Margherita Rimi vive ad Agrigento. Neuropsichiatra infantile, svolge un’intensa attività di prima linea contro le violenze e gli abusi sui minori e a favore dei bambini portatori di handicap. È nella redazione di «Quaderni di Arenaria» e «FuoriAsse» e collabora ad altre riviste italiane. Tra le raccolte di versi, Per non inventarmi, pref. di Marilena Renda (Kepos, 2002); La cura degli assenti, pref. di Maurizio Cucchi (LietoColle, 2007); Era farsi. Autoantologia 1974-2011, pref. di Daniela Marcheschi (Marsilio, 2012);  Nomi di cosa – Nomi di persona, risvolto di copertina di Amedeo Anelli (Marsilio, 2015). Sue pure La civiltà dei bambini. Undici poesie inedite, e una intervista (Libreria Ticinum Editore – CISESG, 2015) e Una lingua non basta. Contributi su poesia e infanzia (Edizioni People&Humanities, 2018). Figura in antologie italiane e straniere: Antologia di poeti contemporanei. Tradizioni e innovazione in Italia, a cura di Daniela Marcheschi (Mursia, 2016); În corp de val, a cura di Eliza Macadan (Eikon, 2017); Mille anni di poesia religiosa italiana, a cura di Daniela Marcheschi (EDB, 2017). Sue poesie sono state inoltre  pubblicate sparsamente in riviste italiane e straniere tra queste «Poesia», «Il segnale», «Poezia. Revistă de cultură poetică», «Terres de femmes», «Exit»; Tra i premi ricevuti il Piersanti Mattarella (2017), e il DilloInsintesi (2017) insieme con Letizia Battaglia. Per il lavoro poetico sull’infanzia ha avuto un riconoscimento dall’Unicef Italia (2016).
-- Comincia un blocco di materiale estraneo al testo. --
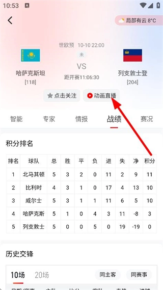 在比赛详情页面,点击动画直播选项,就能观看该场比赛的动画直播内容。
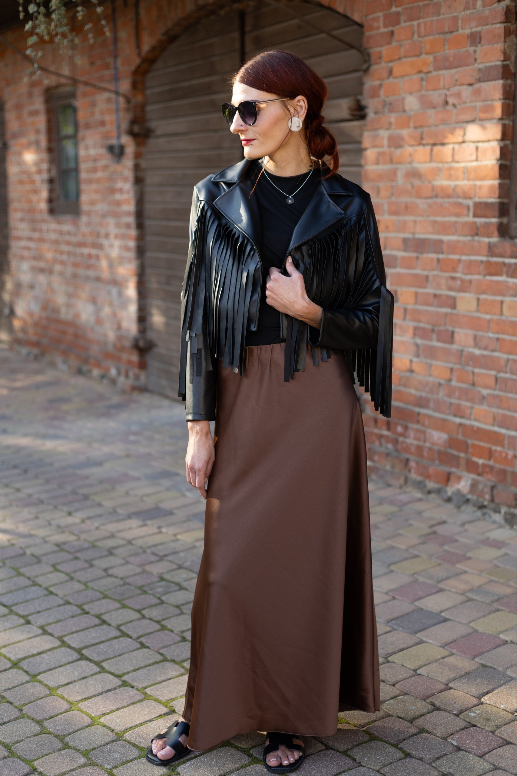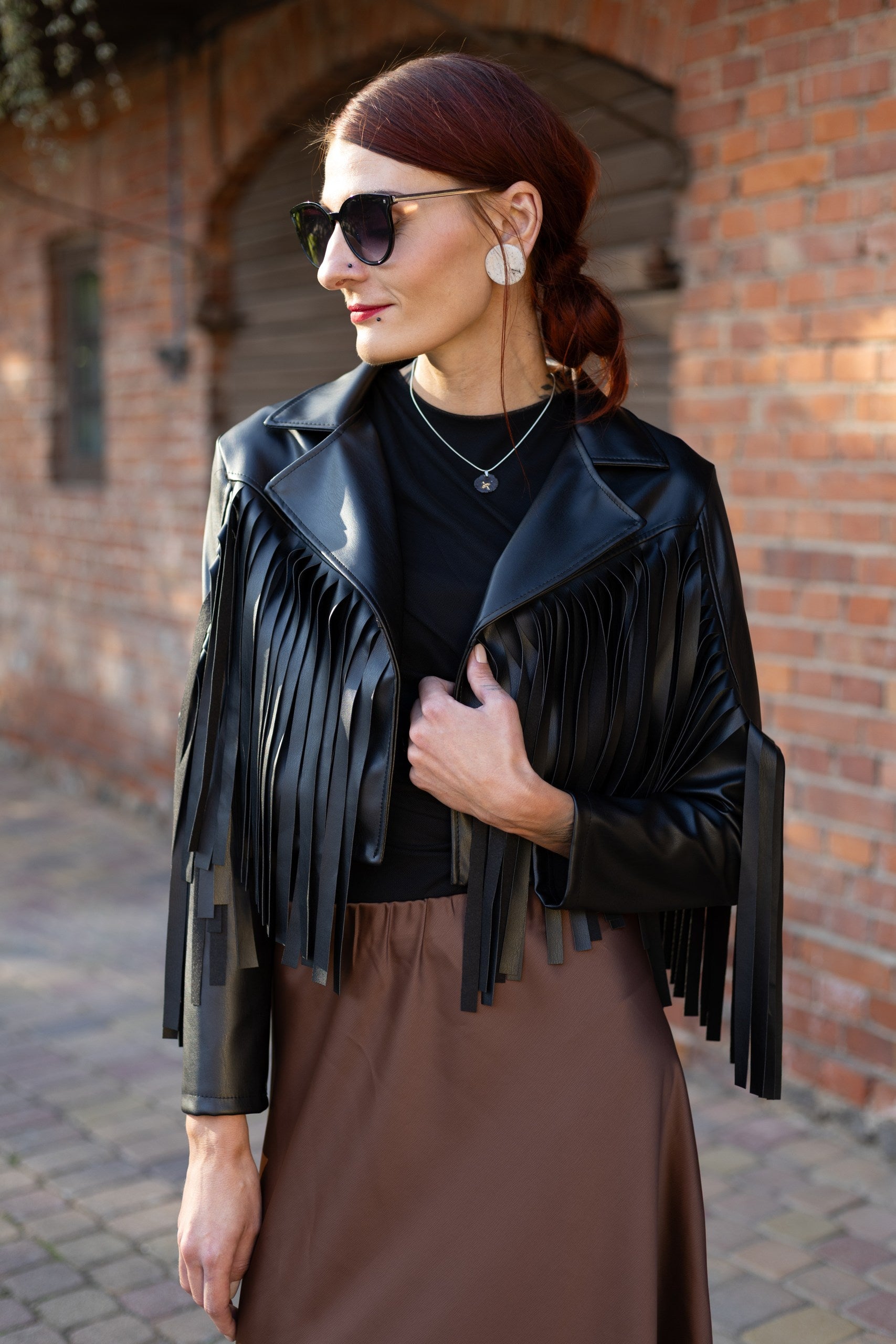 Mīksta un stilīga jaka ar skarām - melnā krāsā. Materiāls patīkams, nav biezs. Derēs S-M izmēram. 60% poliesters, 40% poliuretāns.

Sara COMUZZO – Tre inediti

Le domande di Orfeo

 

Posso aprirmi i polsi e dirti Ricuci.

Puoi indicarmi il sentiero e dirmi

Non guardare indietro.

Prendimi per mano,

portami a rincorrere i lampioni

anche se stanno fermi.

 

Lo spazio rubato ai gabbiani

perché siamo noi a voler leccare

le briciole

della sera più di loro.

 

Il cielo: un soffitto sbiadito.

 

Si sta sempre ad aspettare

un’alba o un tramonto

una bambola o una pozzanghera,

 

come una panchina

vittoriosa e troppo sola

ormai abbastanza saggia

da non badare più al conto delle stagioni.

 

Tenere il mare tra le braccia

è troppo facile, hai detto.

Voglio un’impresa impossibile.


‌Infinite le domande di Orfeo,

come le nostre,

il suo pentimento,

Cosa sarebbe oggi se non mi fossi voltato?

 

 Turno di notte

 

Mentre morivi

io facevo il turno di notte

in un supermercato

a riempire scaffali,

svuotare scatole, sistemare la carne nel frigo.

 

Non posso fare a meno di pensare

ai pezzi di corpo, i residui dei muscoli,

e quel che rimane. I ricordi indelebili.

Chiunque ha detto che il turno di notte lo fanno le stelle,

mentiva.

 

Posti migliori

 

Contami i denti

era solo per dire

che mi fai sorridere.

 

Una confessione di burro:

la luna si scioglie anche nelle pozzanghere migliori.

 

Non vedi una via d’uscita,

ma c’è.

 

Poco importa agli stagni delle anatre,

vogliono solo cigni.

Ed io compro tutti gli anatroccoli che trovo

e li porto in posti migliori.

© Inediti

         © Natalia Bondarenko

Sara Comuzzo (Udine, 1988) ha vissuto in Canada, Scozia, Australia, Nuova Zelanda, Africa, Irlanda e Inghilterra. Ha vinto il Premio “Valerio Gentile” con la raccolta di racconti Dove nessuno può cadere (Schena Editore, 2014). Alcune sue poesie e recensioni sono comparse su diversi riviste online e siti. Ha pubblicato quattro raccolte di poesie; la quinta è in arrivo. Ha appena finito un master in letteratura moderna e studi di genere alla Sussex University, con una tesi sul teatro di Sarah Kane. Vive e lavora in Inghilterra.